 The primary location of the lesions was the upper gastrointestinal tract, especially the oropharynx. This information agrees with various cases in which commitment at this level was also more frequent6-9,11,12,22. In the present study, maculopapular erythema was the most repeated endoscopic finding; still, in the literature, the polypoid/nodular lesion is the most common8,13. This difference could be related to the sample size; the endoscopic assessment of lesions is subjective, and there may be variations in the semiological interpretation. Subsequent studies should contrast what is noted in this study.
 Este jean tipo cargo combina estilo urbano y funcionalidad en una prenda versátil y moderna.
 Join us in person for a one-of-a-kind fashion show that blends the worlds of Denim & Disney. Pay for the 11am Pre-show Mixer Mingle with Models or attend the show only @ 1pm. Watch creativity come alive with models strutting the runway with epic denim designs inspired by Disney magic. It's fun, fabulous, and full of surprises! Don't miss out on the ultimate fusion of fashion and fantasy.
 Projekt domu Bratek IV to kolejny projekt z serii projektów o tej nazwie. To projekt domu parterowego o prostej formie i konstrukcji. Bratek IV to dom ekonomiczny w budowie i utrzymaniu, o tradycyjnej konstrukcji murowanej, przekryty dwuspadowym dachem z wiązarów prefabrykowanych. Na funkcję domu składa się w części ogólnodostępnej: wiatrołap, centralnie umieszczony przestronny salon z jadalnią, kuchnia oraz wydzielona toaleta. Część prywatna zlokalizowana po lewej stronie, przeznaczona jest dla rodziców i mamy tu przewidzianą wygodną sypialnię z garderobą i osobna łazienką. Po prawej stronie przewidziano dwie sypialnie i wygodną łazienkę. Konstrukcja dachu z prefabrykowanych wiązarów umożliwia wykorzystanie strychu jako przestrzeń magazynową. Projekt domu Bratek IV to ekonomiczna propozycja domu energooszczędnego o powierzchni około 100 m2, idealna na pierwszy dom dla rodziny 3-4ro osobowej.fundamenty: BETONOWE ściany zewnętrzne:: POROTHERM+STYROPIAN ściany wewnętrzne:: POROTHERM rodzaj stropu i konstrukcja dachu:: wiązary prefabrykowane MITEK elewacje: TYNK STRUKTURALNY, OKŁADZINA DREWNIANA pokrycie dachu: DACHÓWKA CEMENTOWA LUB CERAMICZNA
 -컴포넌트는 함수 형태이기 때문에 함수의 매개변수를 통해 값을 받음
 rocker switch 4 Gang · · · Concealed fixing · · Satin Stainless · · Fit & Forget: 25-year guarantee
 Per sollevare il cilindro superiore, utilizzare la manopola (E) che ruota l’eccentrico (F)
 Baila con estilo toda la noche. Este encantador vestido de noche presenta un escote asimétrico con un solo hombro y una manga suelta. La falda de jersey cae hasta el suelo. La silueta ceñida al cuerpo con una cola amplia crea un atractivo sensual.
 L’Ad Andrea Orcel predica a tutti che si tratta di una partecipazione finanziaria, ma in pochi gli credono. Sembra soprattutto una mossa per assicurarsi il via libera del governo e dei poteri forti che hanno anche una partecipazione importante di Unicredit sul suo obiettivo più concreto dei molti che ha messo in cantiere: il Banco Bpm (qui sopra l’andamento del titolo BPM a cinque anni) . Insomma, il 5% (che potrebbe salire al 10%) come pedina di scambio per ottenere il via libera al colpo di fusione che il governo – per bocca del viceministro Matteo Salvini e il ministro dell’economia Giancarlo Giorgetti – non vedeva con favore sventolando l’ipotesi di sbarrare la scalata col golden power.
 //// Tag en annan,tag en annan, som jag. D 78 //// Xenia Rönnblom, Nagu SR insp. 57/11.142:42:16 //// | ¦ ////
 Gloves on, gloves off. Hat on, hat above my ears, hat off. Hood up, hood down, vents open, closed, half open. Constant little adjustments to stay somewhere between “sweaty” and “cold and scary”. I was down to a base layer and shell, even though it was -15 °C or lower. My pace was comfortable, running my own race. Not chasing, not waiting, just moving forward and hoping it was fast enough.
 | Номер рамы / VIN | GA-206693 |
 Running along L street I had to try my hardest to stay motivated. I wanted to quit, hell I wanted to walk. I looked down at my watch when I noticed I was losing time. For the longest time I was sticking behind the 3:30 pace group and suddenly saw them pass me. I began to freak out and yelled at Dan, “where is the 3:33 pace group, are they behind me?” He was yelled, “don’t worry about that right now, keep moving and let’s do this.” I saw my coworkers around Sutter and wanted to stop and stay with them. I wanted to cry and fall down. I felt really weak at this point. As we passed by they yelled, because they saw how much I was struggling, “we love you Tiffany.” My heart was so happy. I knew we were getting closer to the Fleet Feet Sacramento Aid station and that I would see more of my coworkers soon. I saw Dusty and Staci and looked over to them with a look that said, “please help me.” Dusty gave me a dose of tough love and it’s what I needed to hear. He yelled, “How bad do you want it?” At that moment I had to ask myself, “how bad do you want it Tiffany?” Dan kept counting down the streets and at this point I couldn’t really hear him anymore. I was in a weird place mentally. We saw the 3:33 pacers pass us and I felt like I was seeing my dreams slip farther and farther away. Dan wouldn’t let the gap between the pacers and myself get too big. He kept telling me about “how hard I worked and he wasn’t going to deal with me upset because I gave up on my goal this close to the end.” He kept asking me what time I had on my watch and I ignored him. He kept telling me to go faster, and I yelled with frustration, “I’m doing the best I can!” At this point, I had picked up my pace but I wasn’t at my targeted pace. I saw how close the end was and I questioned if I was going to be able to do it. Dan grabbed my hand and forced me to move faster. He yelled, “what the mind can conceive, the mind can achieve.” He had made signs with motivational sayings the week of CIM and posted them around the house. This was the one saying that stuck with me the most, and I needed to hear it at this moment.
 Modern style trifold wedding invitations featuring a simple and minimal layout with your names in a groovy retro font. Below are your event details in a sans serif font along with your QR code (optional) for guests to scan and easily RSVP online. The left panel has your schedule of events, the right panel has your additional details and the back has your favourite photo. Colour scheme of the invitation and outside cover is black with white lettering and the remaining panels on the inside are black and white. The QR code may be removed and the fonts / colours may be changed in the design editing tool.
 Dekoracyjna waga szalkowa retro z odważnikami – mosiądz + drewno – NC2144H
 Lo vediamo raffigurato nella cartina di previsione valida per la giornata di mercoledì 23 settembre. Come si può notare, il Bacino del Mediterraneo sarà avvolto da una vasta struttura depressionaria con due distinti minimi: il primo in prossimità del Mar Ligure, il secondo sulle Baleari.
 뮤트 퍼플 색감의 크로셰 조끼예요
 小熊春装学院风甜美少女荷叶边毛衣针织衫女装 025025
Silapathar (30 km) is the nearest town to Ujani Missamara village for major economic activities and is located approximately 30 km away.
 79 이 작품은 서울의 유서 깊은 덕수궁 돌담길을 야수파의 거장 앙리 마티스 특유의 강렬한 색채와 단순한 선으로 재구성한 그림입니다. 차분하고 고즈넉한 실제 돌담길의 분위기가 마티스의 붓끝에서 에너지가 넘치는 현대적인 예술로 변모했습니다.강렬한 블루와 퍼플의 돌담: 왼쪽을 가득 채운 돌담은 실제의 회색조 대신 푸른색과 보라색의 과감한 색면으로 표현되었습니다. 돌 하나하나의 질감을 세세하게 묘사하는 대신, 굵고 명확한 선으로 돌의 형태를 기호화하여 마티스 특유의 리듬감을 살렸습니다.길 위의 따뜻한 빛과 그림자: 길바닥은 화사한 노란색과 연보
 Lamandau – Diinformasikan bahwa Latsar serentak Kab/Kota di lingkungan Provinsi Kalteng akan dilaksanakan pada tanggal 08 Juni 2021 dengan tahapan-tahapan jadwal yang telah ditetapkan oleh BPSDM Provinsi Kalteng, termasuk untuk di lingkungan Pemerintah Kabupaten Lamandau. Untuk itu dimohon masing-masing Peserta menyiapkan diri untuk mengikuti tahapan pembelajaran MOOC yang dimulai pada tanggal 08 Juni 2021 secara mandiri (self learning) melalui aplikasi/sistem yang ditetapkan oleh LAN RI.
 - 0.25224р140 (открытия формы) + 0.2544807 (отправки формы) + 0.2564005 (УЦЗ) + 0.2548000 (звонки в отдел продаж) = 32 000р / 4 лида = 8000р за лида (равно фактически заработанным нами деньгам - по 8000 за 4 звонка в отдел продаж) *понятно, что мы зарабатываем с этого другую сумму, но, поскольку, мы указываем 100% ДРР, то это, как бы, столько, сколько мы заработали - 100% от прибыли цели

——

Aim of the exercise:
Return exactly the lines above from the line that has "Silapathar (30 km)" through the line that has "79 이 작품은 서울의", inclusive, and nothing else.

Solution for this problem:
Silapathar (30 km) is the nearest town to Ujani Missamara village for major economic activities and is located approximately 30 km away.
 79 이 작품은 서울의 유서 깊은 덕수궁 돌담길을 야수파의 거장 앙리 마티스 특유의 강렬한 색채와 단순한 선으로 재구성한 그림입니다. 차분하고 고즈넉한 실제 돌담길의 분위기가 마티스의 붓끝에서 에너지가 넘치는 현대적인 예술로 변모했습니다.강렬한 블루와 퍼플의 돌담: 왼쪽을 가득 채운 돌담은 실제의 회색조 대신 푸른색과 보라색의 과감한 색면으로 표현되었습니다. 돌 하나하나의 질감을 세세하게 묘사하는 대신, 굵고 명확한 선으로 돌의 형태를 기호화하여 마티스 특유의 리듬감을 살렸습니다.길 위의 따뜻한 빛과 그림자: 길바닥은 화사한 노란색과 연보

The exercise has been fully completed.